Entries taken from a collection:
_____
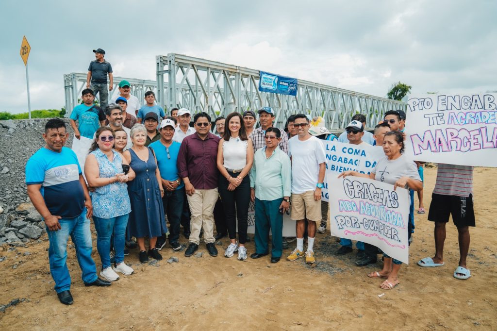 La prefecta Marcela Aguiñaga verificó, este jueves, 27 de marzo, la apertura del puente y socializó con los comuneros los beneficios de la obra. “El puente está en perfectas condiciones, instalado debidamente”, garantizó.
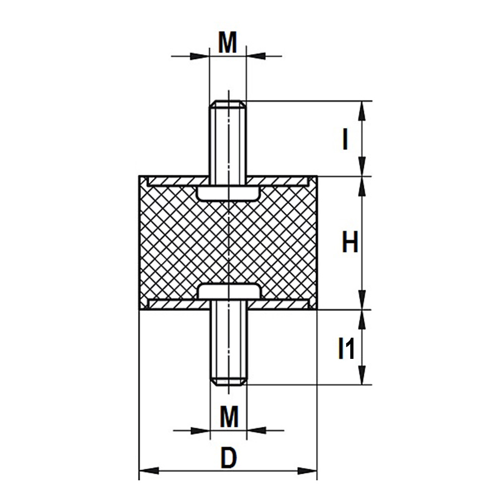 D=diameter, H=height, l=length of thread, M=thread size, Mat. A=type of rubber, Mat. B=Material metal components, N=Maximum static load in Newton, Shore A °=Shore-A hardness of the rubber
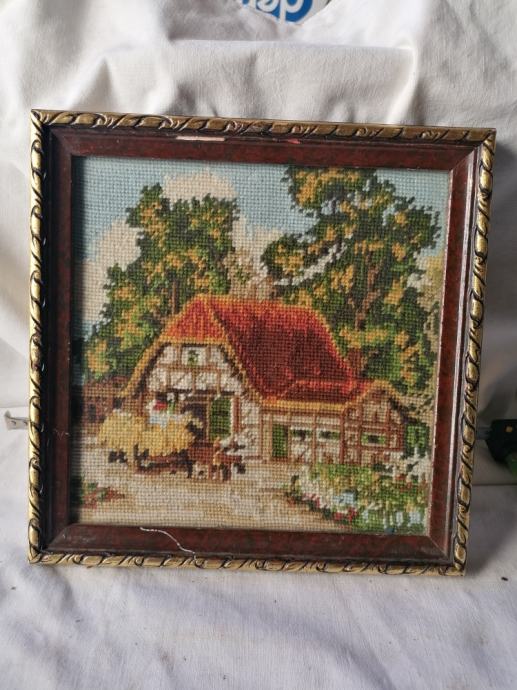 Na voljo je gobelin v starinskem okvirju s steklom 25 x 25 cm KMETIJA.
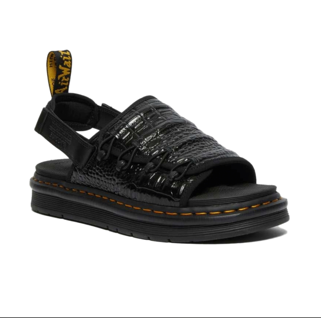 Honor the uniqueness. DM Mura embodies the innovative design philosophy of our two brands. The combination of Suioke's Mura model and our Lorsan outsole, with this out-of-the-world foot combines the contours of the DR. Martens and Suicoke. They are available in smooth black leather or Vibrance Croco black leather, a novelty, with a synthetic rubber upper on both models. They are embossed with the Dr. Martens and Suicoke, and there are hooks and closure hooks and velcro straps at the heel. For details: yellow stitching, black and yellow heel tab with door signature both brands. The new Croco Vibrance leather is a high-gloss material embossed with a crocodile scale pattern. Our Goodyear-Weted tabs are heat-sealed at 700°C and reinforced with characteristic stitching
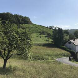 Da es heute relativ warm ist, entspannen wir gemütlich am Waldrand. In der Ferne ist Gramschatz zu sehen.
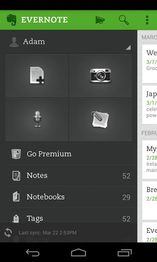 حائز على جائزة "أفضل 10 تطبيقات يجب الحصول عليها" من نيويورك تايمز وحائز ايضاً على جوائز TechCrunch Crunchies, Mashable,Webbys Evernote تطبيق سهل الإستخدام ومجاني يساعدك على تذكر كل شيء على كل الأجهزة التي تستخدمها. ابق منظماً، احفظ افكارك وحسن انتاجيتك.Evernote تجعلك قادراً على اخذ الملاحظات، التقاط الصور، إنشاء قوائم المهام، والتذكير بتسجيل صوت - ويجعل هذه الملاحظات سهلة البحث ، سواء كنت في المنزل أو في العمل، أو أثناء التنقل. المميزات: - يعمل مع Evernote للأعمال: إلتقط، تصفح،ابحث وتبادل ملاحظات الأعمال والدفاتر التجارية من الهاتف الذكي أو الكمبيوتر اللوحي. -يوحد كل من الملاحظات الخاصة بك عبر أجهزة الكمبيوتر والأجهزة التي تستخدمها -يقوم بإنشاء وتحرير الملاحظات النصية، قوائم المهام التي عليك القيام بها - يقوم بحفظ الملفات، ومشاركتها -يسمح بالبحث عن النصوص داخل الصور - تنظيم الملاحظات حسب أجهزة الكمبيوتر المحمولة والعلامات -يسمح بارسال الملاحظات عبرالبريد الإلكتروني وحفظ التغريدات على حساب Evernote الخاص بك - يمكن وصل Evernote إلى التطبيقات والمنتجات التي تستخدمها -يمكن مشاركة الملاحظات مع الأصدقاء والزملاء من خلال الفيسبوك وتويتر مميزات النسخة المطورة: إضافة رمز سري إلى تطبيق Evernote الخاص بك وفيما يلي بعض الطرق لاستخدام Evernote في حياتك الشخصية والمهنية: -بحث ذكي: التقاط الصور من ألواح الكتابة والكتب -تنظيم الملاحظات وجداول الأعمال والمذكرات البحثية -تتبع خطط السفر وتذاكر الطائرة وجوازات السفر -تنظيم وحفظ الوصفات، البحث عن طريق المكونات في وقت لاحق -إنشاء قائمة مشتريات أو مهام وقم بوضع علامة على الأشياء التي أنجزتها - عرض صفحات الويب المحفوظة في Evernote على سطح المكتب الخاص بك -دوّن الافكار والإلهام عند التنقل - الوصول إلى الملفات والملاحظات التي أنشأتها على هاتفك من حاسوبك -تتبع المنتجات والأسعار لمقارنتها اثناء التسوق -تحفظ الإيصالات والفواتير والعقود -الحد من فوضى الأوراق عبر اخذ لقطات من قوائم المطاعم، وبطاقات العمل والملصقات -استخدام Evernote كجزء من نظامك للقيام بالأمور (GTD) لمساعدتك على البقاء منظماً للحصول على أقصى استفادة من Evernote الخاص بك، حمل البرنامج على جميع أجهزة الكمبيوتر والهواتف التي تستخدمها. Evernote متاح على كل الجهزة المحمولة والهواتف والاجهزة اللوحية لمعلومات اكثر عن الأذونات: http://evernote.com/privacy/data_usage.php تعرف على المزيد: http://evernote.com/getting_started/
_____
Problem requirements>
Up to and including the line that holds "D=diameter, H=height, l=length", restate word for word each line of the records from their start, and only those lines, leaving out the pictures.

Response area>
 La prefecta Marcela Aguiñaga verificó, este jueves, 27 de marzo, la apertura del puente y socializó con los comuneros los beneficios de la obra. “El puente está en perfectas condiciones, instalado debidamente”, garantizó.
 D=diameter, H=height, l=length of thread, M=thread size, Mat. A=type of rubber, Mat. B=Material metal components, N=Maximum static load in Newton, Shore A °=Shore-A hardness of the rubber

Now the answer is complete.